对连续可支持的一段算子列表,构建一张Delegate子图,调用Replace用子图Kernel去替换这段连续的算子。
代码如下:
Status XXXDelegate::Build(DelegateModel *model) {
KernelIter from = model->BeginKernelIterator(); // Record the start operator position supported by the Delegate
KernelIter end = model->BeginKernelIterator(); // Record the end operator position supported by the Delegate
for (KernelIter iter = model->BeginKernelIterator(); iter != model->EndKernelIterator(); iter++) {
kernel::Kernel *kernel = *iter;
if (IsSupport(kernel, model->GetPrimitive(kernel))) { // Check whether the Delegate framework supports the kernel according to the primitive
end = iter;
} else { // The current kernel is not supported, and the sub-graph is truncated
if (from != end) {
auto xxx_graph_kernel = CreateXXXGraph(from, end, model); // Create a Delegate sub-graph Kernel
iter = model->Replace(from, end + 1, xxx_graph_kernel); // Replace the supported kernels list with a Delegate sub-graph Kernel
}
from = iter + 1;
end = iter + 1;
}
}
return RET_OK;
}
实现子图Kernel
上述CreateXXXGraph接口要返回一张Delegate的子图,
代码如下所示:
kernel::Kernel *XXXDelegate::CreateXXXGraph(KernelIter from, KernelIter end, DelegateModel *model) {
auto in_tensors = GraphInTensors(…); // Find the input tensors of the Delegate sub-graph
auto out_tensors = GraphOutTensors(…); // Find the output tensors of the Delegate sub-graph
auto graph_kernel = new (std::nothrow) XXXGraph(in_tensors, out_tensors);
if (graph_kernel == nullptr) {
MS_LOG(ERROR) << “New XXX Graph failed.”;
return nullptr;
}
// Build graph online, load model, etc.
return graph_kernel;
}
子图要定义继承:
要注意的是:根据原始的Kernel列表找到正确的in_tensors和out_tensors,以便Execute时,能找到正确的输入tensor和输入数据,并将输出数据写回到正确的地址中。
代码如下:
class XXXGraph : public kernel::Kernel {
public:
XXXGraph(const std::vector<tensor::MSTensor *> &inputs, const std::vector<tensor::MSTensor *> &outputs)

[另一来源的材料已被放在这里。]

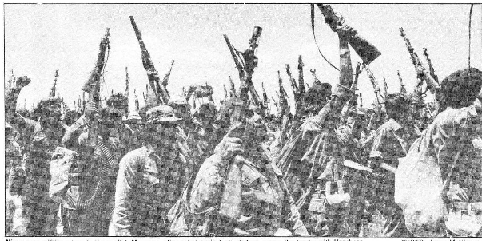
Nicaraguan militias return to the capital, Managua, after patrol against attack from across the border with Honduras
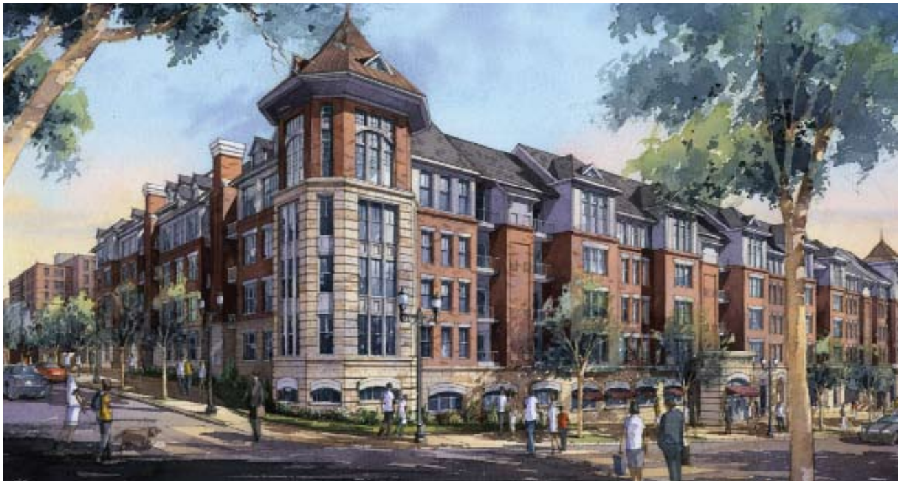
Glen View House

: kernel::Kernel(inputs, outputs, nullptr, nullptr) {}
~XXXGraph() override;
int Prepare() override {
// Generally, the model will be built only once, so Prepare is also called once.
// Do something without input data, such as pack the constant weight tensor, etc.
}
int Execute() override {
// Obtain input data from in_tensors.
// Execute the inference process.
// Write the result back to out_tensors.
}
int ReSize() override {
// Support dynamic shape, and input shape will changed.
}
};
Lite框架调度
Lite框架要调度用户自定义的Delegate,在创建Context时,需要通过setdelegate设置自定义Delegate指针,见以下示例代码。再通过build传递给Lite框架。如果Context中的Delegate为空指针,推理流程会调用到Lite框架内置的推理。
代码如下:
auto context = std::make_sharedmindspore::Context();
if (context == nullptr) {
MS_LOG(ERROR) << “New context failed”;
return RET_ERROR;
}
auto delegate = std::make_shared();
if (delegate == nullptr) {
MS_LOG(ERROR) << “New XXX delegate failed”;
return RET_ERROR;
}
context->SetDelegate(delegate);
auto model = new (std::nothrow) mindspore::Model();
if (model == nullptr) {
std::cerr << “New Model failed.” << std::endl;
}
// Assuming that we have read a ms file and stored in the address pointed by model_buf
auto build_ret = model->Build(model_buf, size, mindspore::kMindIR, context);
delete;
if (build_ret != mindspore::kSuccess) {
std::cerr << “Build model failed.” << std::endl;
}
实现Build接口
Build接口解析DelegateModel实例,主要实现算子支持判断、子图构建、在线构图等功能。
代码如下:
Status NPUDelegate::Build(DelegateModel *model) {
KernelIter from, end; // Record the start and end positions of kernel supported by the NPU sub-graph.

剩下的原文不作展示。